Sunday 28 November 2010

The Naked Truth

Dishonesty is a way of life. Simple, convenient and awful.
I cannot remember the last time I went a day without wilfully concealing something or misleading someone. Whether this arises from a need to protect myself, to shield others or simply to make life easier, it is something that never ends. While I am far from a pathological liar, I hate that I accept dishonesty as a convenience on a daily basis.

As the first untruth that passes your lips more must follow, to conceal the first foray in to the realm of the not quite true. And by the naively experienced age of 19, you are surrounded by people and circumstances who only know as much of you as you dared to show them at first, and now believe in somebody who doesn't really exist.

From here on out, I want a detox. If I can change my body by controlling my exertion and diet, why can't I take down my façade by controlling what leaves my mouth. I feel false, and I want to be clean again. I know that removing the trace of all lies is impossible, people who have departed will forever believe the stories I spun them years ago. Doubtless I will lie again. But from this moment onward, I am vowing to myself that I will practice truth with my words to the best of my incredibly flawed ability.

Starting here, a few truths, unexpressed or previously twisted, for some clarity at bed time.

1. I am constantly afraid that the fragile balance I have found between home and university will be ended by a disaster at either end.

2. I hate Ricky Gervais. He is an idiot, whether or not I have ever watched The Office.

3. Last week I skipped work to sit alone in the living room eating crackers, my granddad is ill, but I wasn't with him.

4. That I very occasionally look at a facebook profile picture for a couple of minutes and appreciate very good looks whilst contemplating the poor timing of the summer holiday.

5. I exaggerate anecdotes in an attempt to impress teachers.

6. I never read A.J Ayer fro my IB coursework, thanks for the A though!

7. You were number 2 in male influence, but I thought you might be hurt given how bummed you seemed the day before.

8. I am obsessed with certain television shows and cyber stalk my favourite actresses until I move on.
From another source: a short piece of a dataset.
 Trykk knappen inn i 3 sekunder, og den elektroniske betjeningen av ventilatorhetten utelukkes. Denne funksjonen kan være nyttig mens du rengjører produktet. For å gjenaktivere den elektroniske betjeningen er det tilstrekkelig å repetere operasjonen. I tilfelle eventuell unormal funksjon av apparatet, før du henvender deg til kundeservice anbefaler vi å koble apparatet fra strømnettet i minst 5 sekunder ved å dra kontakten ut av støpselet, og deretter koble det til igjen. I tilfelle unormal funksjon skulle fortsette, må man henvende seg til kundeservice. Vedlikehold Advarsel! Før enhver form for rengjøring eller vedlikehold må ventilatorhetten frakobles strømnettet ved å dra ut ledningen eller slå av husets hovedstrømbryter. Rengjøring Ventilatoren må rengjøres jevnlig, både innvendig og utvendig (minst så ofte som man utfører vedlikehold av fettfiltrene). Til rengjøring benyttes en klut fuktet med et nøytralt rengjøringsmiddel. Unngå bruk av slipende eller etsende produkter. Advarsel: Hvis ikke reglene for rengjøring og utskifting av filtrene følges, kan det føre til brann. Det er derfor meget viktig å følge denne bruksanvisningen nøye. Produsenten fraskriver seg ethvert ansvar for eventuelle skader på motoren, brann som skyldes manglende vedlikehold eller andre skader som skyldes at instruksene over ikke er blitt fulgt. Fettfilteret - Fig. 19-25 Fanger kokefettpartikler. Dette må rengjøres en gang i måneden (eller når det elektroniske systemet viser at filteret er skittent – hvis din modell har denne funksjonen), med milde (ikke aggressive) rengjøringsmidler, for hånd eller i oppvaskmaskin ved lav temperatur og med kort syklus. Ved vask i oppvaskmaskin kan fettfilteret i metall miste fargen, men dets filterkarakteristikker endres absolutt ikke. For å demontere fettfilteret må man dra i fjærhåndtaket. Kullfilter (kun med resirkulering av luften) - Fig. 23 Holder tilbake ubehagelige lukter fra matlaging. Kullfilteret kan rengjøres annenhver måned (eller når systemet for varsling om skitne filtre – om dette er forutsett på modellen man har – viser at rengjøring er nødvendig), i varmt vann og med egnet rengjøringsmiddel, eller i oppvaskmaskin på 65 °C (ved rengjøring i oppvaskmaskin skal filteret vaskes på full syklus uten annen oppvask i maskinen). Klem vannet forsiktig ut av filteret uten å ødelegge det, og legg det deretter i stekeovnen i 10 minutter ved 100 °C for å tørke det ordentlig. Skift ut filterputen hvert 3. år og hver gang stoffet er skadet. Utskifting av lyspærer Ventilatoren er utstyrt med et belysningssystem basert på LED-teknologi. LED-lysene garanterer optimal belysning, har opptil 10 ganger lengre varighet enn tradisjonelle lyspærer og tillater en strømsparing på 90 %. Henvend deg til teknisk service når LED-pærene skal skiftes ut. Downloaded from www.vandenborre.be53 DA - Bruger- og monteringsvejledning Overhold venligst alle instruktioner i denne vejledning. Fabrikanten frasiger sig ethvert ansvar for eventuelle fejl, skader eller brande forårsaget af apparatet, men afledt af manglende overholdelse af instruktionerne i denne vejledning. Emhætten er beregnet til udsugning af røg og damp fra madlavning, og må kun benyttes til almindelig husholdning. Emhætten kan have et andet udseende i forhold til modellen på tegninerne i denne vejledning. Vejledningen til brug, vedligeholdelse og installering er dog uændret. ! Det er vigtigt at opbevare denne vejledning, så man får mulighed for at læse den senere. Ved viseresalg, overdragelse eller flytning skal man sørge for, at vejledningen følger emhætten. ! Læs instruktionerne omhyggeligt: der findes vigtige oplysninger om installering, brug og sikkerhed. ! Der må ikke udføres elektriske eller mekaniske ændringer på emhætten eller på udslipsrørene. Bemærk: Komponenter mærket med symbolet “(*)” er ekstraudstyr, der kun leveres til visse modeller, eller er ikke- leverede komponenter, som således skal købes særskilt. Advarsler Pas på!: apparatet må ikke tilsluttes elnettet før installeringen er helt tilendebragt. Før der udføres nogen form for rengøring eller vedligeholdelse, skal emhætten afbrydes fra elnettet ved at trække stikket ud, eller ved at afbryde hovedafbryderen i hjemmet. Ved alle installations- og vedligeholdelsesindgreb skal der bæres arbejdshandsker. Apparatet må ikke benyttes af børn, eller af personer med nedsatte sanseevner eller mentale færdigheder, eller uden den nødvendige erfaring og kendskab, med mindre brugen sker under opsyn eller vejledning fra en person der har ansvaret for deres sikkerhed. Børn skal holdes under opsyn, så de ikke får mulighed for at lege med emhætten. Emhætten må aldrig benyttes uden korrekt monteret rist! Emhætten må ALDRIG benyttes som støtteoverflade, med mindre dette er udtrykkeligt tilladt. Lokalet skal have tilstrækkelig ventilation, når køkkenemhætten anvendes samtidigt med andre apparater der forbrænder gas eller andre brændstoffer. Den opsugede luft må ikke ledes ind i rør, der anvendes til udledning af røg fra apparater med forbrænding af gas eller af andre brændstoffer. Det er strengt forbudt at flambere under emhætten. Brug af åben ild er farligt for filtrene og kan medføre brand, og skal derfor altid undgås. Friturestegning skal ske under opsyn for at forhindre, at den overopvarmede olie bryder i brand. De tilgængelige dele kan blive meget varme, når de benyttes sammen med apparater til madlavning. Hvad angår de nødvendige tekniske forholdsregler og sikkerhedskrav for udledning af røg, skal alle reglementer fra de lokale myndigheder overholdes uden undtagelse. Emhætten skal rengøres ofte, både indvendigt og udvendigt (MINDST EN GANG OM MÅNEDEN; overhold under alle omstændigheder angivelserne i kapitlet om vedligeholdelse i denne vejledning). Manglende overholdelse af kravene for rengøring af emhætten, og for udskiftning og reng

9. I have never been in love, despite having told past boys otherwise.

10. I always hope that the people who occasionally filter in to my blog will read it, then am simultaneously terrified when they do, and relieved when they fail to recognize that they appear more than once.
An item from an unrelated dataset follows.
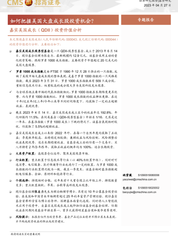 【海通证券】【20230427】嘉实美国成长(QDII)投资价值分析:如何把握美国大盘成长股投资机会?-16页 行业研究

Wednesday 24 November 2010

Life Carries On

Today the ceiling fell in. Again.

I also stewed apples and made pork with apple ginger and shallot compote.

Then I did laundry.

It seems strange to think that for 5 days, your life can stop. Everything which usually spins by so fast, is thrown in to focus in a sickening jolt. The eye of the storm is a strange place to stand, with chaos in every direction, where stillness gives you the time to recognize the many places you can fall down and disappear.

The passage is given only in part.